Does the apple query go against just the apple table, which is relatively small, or does it hit the fruit table first? This is a performance question rather than a structural one but it is germane to my problem.


==========
John R. Ball - CISSP
Sandia National Laboratories, Albuquerque NM
Organization 5541 - Data Systems IA Lead Engineer
Phone: (505) 844-1356
Pager: (505) 951-6328
Bldg 752/122 MS 0975
E-Mail: jrball at sandia.gov <mailto:jrball at sandia.gov>
========== 


-----Original Message-----
From: Boris Kolpackov [mailto:boris at codesynthesis.com] 
Sent: Wednesday, July 03, 2013 9:41 AM
To: Ball, John R
Cc: odb-users at codesynthesis.com
Subject: [EXTERNAL] Re: [odb-users] Problem with pointer in base class

Hi John,

Ball, John R <jrball at sandia.gov> writes:

> I tried this with polymorphic inheritance and ended up with large Foo 
> and Bar base tables which might be a problem - I don' t know yet.

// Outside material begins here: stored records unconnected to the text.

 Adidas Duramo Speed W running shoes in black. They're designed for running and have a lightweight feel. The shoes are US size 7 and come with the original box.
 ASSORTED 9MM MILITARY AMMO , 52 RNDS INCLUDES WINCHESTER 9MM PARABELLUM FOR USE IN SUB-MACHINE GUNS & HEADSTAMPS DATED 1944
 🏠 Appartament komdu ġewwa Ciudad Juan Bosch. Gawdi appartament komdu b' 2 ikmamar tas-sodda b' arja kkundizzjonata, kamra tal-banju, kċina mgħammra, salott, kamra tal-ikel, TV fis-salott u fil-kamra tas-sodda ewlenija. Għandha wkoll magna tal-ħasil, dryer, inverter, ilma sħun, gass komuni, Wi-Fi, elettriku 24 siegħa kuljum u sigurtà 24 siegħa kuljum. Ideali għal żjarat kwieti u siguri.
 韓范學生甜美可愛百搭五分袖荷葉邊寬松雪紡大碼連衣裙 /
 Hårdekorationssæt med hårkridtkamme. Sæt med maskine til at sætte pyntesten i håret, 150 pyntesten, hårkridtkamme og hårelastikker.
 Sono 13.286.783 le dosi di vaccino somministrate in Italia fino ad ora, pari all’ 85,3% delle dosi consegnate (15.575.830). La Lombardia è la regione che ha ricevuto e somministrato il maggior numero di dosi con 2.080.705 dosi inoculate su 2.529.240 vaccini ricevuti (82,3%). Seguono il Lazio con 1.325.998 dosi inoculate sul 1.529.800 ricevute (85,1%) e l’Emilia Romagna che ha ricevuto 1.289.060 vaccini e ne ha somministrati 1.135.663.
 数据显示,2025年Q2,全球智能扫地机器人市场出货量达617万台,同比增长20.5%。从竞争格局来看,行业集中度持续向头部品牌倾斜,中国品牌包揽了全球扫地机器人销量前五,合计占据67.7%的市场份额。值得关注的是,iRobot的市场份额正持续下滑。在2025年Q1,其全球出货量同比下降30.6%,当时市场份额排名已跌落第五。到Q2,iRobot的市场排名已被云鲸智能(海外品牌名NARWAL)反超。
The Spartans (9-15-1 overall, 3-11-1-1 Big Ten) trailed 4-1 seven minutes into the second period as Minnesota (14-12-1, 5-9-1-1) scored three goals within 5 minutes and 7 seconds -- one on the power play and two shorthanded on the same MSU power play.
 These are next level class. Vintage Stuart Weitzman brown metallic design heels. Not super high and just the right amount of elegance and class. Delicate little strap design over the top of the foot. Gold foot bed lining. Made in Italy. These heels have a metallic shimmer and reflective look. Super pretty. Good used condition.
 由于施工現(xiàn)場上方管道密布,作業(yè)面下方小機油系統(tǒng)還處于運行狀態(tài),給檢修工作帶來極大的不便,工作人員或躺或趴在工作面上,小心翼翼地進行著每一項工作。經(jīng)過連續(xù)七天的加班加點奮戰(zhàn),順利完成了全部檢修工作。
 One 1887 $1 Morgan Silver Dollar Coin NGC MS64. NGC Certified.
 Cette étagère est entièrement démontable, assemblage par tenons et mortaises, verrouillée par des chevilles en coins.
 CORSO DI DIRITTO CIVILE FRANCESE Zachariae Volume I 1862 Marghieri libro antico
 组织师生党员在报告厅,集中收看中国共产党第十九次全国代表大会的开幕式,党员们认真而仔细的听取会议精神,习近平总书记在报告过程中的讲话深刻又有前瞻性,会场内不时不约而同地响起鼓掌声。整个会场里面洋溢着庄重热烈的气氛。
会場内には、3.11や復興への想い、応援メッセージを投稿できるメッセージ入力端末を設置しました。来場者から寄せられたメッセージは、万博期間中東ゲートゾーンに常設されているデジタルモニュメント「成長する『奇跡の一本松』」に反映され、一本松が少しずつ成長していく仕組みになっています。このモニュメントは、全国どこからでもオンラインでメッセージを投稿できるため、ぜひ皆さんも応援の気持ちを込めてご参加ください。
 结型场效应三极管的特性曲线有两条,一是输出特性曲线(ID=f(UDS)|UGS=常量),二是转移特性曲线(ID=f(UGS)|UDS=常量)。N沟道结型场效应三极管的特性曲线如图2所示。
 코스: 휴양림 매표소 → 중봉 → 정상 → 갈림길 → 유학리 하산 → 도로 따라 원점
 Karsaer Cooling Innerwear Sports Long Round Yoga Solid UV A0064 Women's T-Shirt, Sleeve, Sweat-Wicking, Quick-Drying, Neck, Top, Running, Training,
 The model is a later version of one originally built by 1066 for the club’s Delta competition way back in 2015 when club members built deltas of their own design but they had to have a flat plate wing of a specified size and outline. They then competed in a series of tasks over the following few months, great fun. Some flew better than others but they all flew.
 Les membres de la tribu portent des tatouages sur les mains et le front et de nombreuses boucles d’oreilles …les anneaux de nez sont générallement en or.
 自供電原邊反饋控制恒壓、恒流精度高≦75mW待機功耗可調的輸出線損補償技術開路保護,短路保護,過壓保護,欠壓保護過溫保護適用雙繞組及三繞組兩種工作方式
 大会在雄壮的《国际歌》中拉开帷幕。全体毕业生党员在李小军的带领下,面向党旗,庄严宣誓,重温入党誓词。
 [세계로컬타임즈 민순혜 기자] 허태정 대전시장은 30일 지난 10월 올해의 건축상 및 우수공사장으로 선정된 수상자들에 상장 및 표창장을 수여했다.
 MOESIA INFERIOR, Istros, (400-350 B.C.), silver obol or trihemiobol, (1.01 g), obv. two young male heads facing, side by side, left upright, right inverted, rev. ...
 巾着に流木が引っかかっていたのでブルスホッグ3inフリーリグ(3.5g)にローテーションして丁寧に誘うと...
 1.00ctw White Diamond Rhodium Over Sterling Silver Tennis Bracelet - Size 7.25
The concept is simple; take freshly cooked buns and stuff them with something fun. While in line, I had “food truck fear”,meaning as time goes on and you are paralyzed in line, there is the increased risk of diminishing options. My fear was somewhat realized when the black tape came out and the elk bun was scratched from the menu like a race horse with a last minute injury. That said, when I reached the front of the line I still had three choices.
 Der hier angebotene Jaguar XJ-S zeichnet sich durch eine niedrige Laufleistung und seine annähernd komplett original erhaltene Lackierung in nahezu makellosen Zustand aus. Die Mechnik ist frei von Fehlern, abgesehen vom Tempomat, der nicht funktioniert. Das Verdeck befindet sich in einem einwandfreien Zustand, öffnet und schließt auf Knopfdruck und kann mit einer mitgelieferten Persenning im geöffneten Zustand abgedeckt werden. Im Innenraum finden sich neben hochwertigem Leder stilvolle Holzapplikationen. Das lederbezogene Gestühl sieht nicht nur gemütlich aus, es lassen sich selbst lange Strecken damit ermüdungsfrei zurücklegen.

With polymorphic inheritance, tables corresponding to Foo and Bar base classes will only contain data members in these classes while derived tables will contain additional data members added in derived classes.

With the reuse inheritance each table always contains all the data members from base to the derived class.

So I don't see how the tables could be bigger with the polymorphism inheritance. You may end up with fewer tables (if some of the bases are abstract) in resue inheritance, but not with smaller ones.


> In the meantime, if I go this way, can I still do queries against Foo 
> derived or do I have to query against Foo base?

You can query for either. In fact, in polymorphic inheritance, the object type (base or derived) that you query for becomes part of the query condition. For example:

db.query<fruit> (query::color == red); // Any red fruit.
db.query<apple> (query::color == red); // Only red apples.